*Work request*.
Beginning with the line containing "日本では回答者の92%(グロ" and ending with the line containing "A workhorse designed", write out each line of the records below exactly; pictures and lines outside that range are left out.

*Input material*.
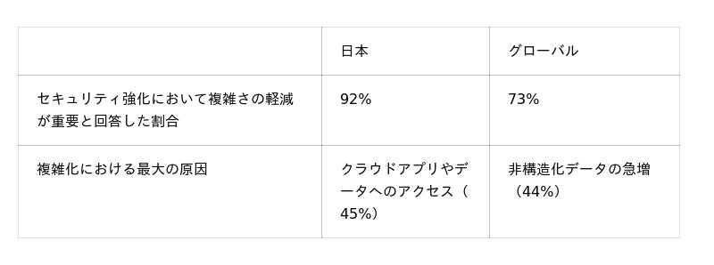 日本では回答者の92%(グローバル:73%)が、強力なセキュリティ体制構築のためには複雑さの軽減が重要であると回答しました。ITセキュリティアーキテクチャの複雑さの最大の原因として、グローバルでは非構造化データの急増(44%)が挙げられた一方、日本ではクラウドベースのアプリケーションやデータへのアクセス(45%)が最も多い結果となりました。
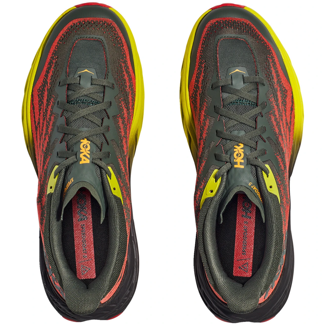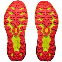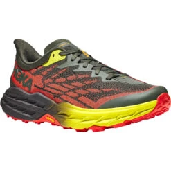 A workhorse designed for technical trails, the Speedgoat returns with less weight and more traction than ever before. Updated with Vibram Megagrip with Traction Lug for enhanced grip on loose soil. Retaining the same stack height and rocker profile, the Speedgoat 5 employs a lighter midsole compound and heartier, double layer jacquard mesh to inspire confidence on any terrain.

---

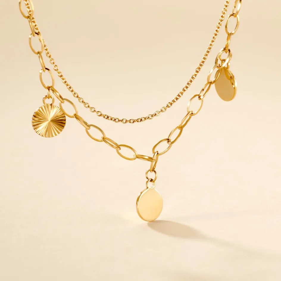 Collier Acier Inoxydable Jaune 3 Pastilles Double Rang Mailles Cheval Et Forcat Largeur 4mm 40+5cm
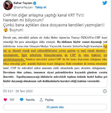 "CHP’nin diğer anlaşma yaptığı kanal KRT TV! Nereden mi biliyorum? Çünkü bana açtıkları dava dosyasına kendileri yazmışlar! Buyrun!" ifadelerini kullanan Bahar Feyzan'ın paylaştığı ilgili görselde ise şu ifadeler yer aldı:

==

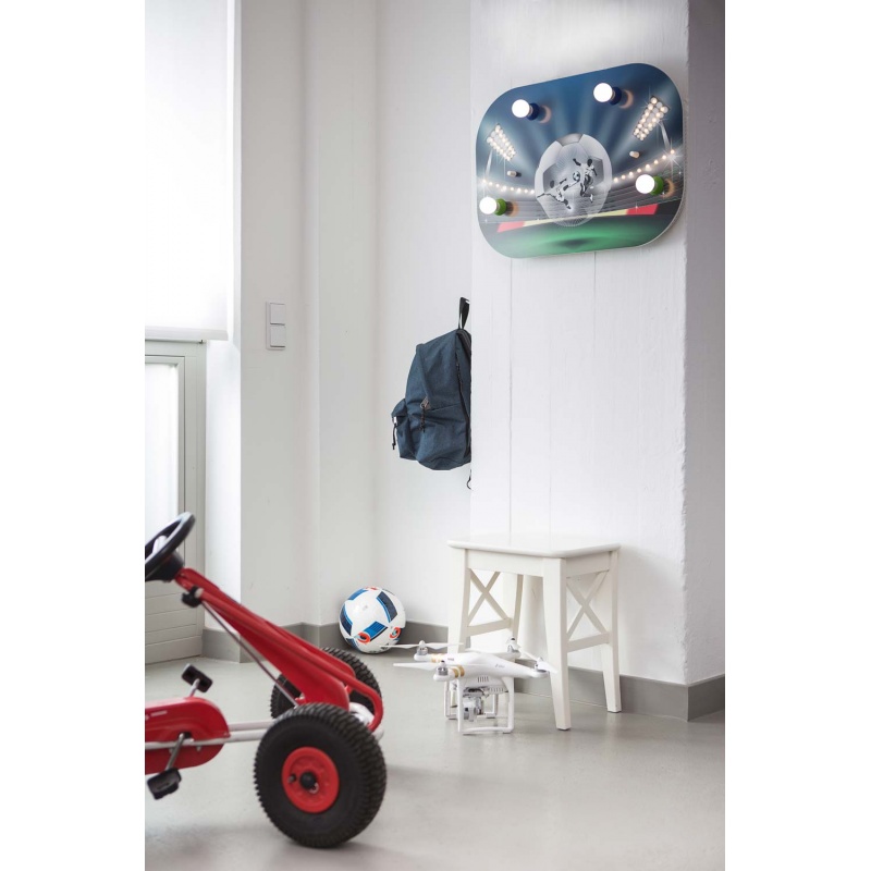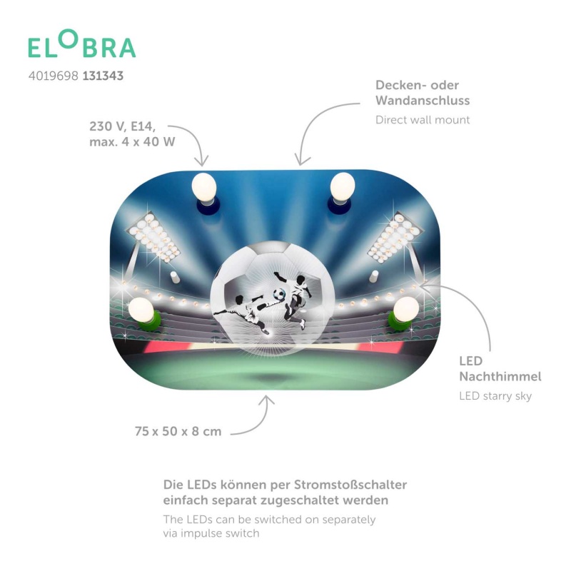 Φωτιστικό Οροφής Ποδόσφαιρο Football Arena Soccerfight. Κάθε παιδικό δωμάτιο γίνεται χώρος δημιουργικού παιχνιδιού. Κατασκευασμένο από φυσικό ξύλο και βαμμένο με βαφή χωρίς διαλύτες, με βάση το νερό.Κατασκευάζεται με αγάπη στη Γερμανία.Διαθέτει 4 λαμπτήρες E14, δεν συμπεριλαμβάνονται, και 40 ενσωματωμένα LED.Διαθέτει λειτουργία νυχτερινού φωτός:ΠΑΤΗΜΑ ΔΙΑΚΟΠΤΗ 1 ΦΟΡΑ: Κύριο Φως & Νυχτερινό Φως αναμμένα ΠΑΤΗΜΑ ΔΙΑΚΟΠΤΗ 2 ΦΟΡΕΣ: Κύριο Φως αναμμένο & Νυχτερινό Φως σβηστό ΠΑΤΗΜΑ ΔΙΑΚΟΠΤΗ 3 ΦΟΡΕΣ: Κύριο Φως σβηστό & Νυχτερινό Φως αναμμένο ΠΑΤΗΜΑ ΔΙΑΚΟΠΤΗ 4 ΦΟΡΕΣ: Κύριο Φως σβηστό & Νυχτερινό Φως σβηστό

*Expected answer*.
 日本では回答者の92%(グローバル:73%)が、強力なセキュリティ体制構築のためには複雑さの軽減が重要であると回答しました。ITセキュリティアーキテクチャの複雑さの最大の原因として、グローバルでは非構造化データの急増(44%)が挙げられた一方、日本ではクラウドベースのアプリケーションやデータへのアクセス(45%)が最も多い結果となりました。
 A workhorse designed for technical trails, the Speedgoat returns with less weight and more traction than ever before. Updated with Vibram Megagrip with Traction Lug for enhanced grip on loose soil. Retaining the same stack height and rocker profile, the Speedgoat 5 employs a lighter midsole compound and heartier, double layer jacquard mesh to inspire confidence on any terrain.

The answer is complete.